Youth-on-Age (Tolmiea menziesii), so called because buds at the base of old leaves form new leaves that can root to form new plants, is just one example of new life from old in the old growth forest at Youth-on- Age Interpretive Trail east of Granite Falls.

Massive Sitka spruce (Picea sitchensis) buttresses reflect the ancient nurse logs they germinated on. The soil that supports the big trees is a dynamic system where decomposer organisms convert non-living organic material into the mineral nutrients plants need. Soil organisms even help build new soil. Carbon dioxide from the respiration of soil organisms, including plant roots, mixes with water to form carbonic acid that is a very important chemical weathering mechanism in the production of “fines,” the small mineral particles in soil. Living and non-living organisms are key elements that allow our young, acidic soils to support the tremendous amount of biomass in the old forest.

Begin the short loop trail near the restroom. Wander either direction. Sword fern (Polystichum munitum), youth-on-age, and young grand fir (Abies grandis) grow in the understory. Mossy vine maples (Acer circinatum) weave their tangled branches through forest gaps. Lichens droop from woody vegetation short and tall. Those that fall crunch underfoot, and feed the forest. Near the South Fork Stillaguamish River see large old Douglas-fir (Pseudotsuga menziesii) and younger western hemlock (Tsuga heterophylla).

The big old trees can have up to 60 million needles. This offers a very large surface area to capture sunlight for primary production. The evergreen needles also store nutrients, keeping them from washing away into the river.
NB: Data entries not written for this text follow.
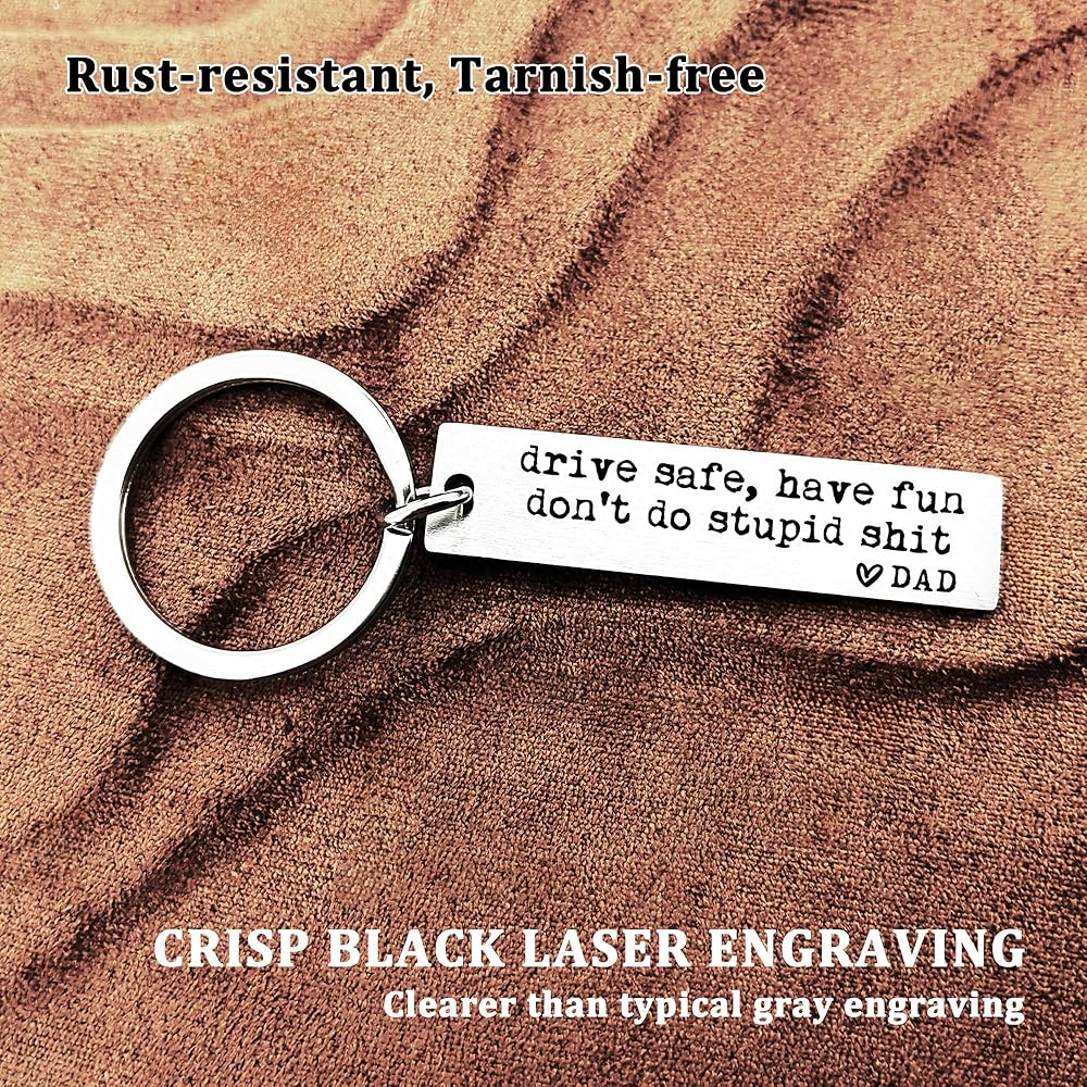 Heartfelt Reminder: This laser-engraved keychain features the message "Drive Safe Have Fun Don't Do Stupid Sh*t," offering a thoughtful reminder for your loved ones to stay safe on the road.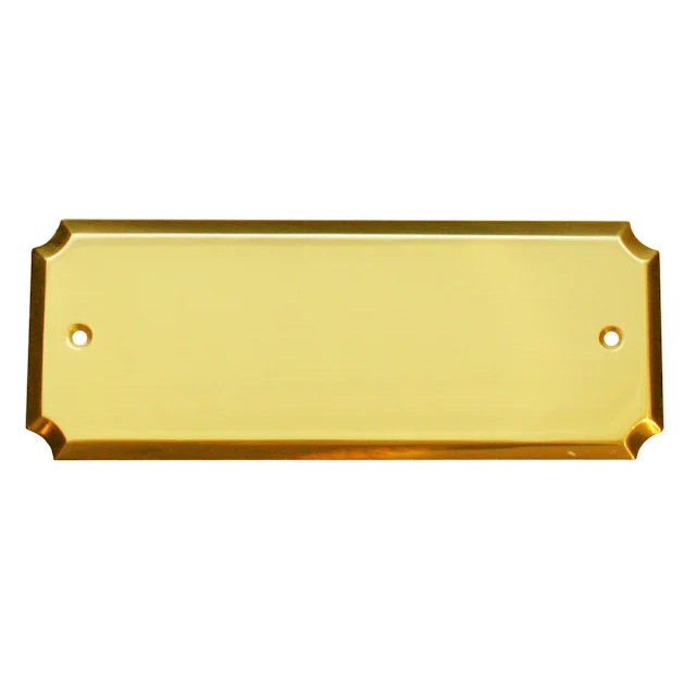 Rektangulært dørskilt i polert messing. Skiltet har en fin avfaset kant med konkave hjørner. Størrelse 155x60 mm.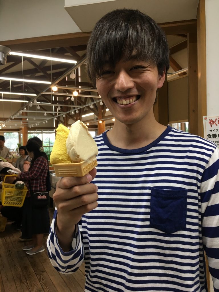 復路は往路より斜度のある山登り。心拍数をがんがん上げながら、半ば無心でペダルを回し続け何とかゴールしました! ここでお気づきの方もいるかもしれませんが、復路は必死過ぎて写真を撮るのを忘れてしまい…(何たる失態)。なんと次に撮ったのが『やくらい薬師の湯』で汗を流し終えた後に、土産センターでジェラートを満喫するクサカでした(笑)

That is, when the trees themselves don’t wash into the river. Trees, and the trail along the cut bank, frequently fall into the river. Huge logjams from this and forests far upstream can be seen. In stream, the big trees alter the hydrology and create important habitat, nutrient, and energy sources for the aquatic ecosystem.

To visit the floodplain, look for a side trail near the trailhead that leads through a red alder (Alnus rubra)-salmonberry (Rubus spectabilis) community. The trail ends at a recently flooded area covered in freshly deposited silt. It is possible to wander upstream on older sandbars now colonized by willows (Salix sp.).

The 0.4 mile paved interpretive trail is wheelchair accessible. Bring a picnic and come prepared to let the cycling of the old forest rejuvenate you.

Directions: drive the Mountain Loop Highway east from Granite Falls to MP 18.7. The parking lot is on the south side of the highway, just past Red Bridge.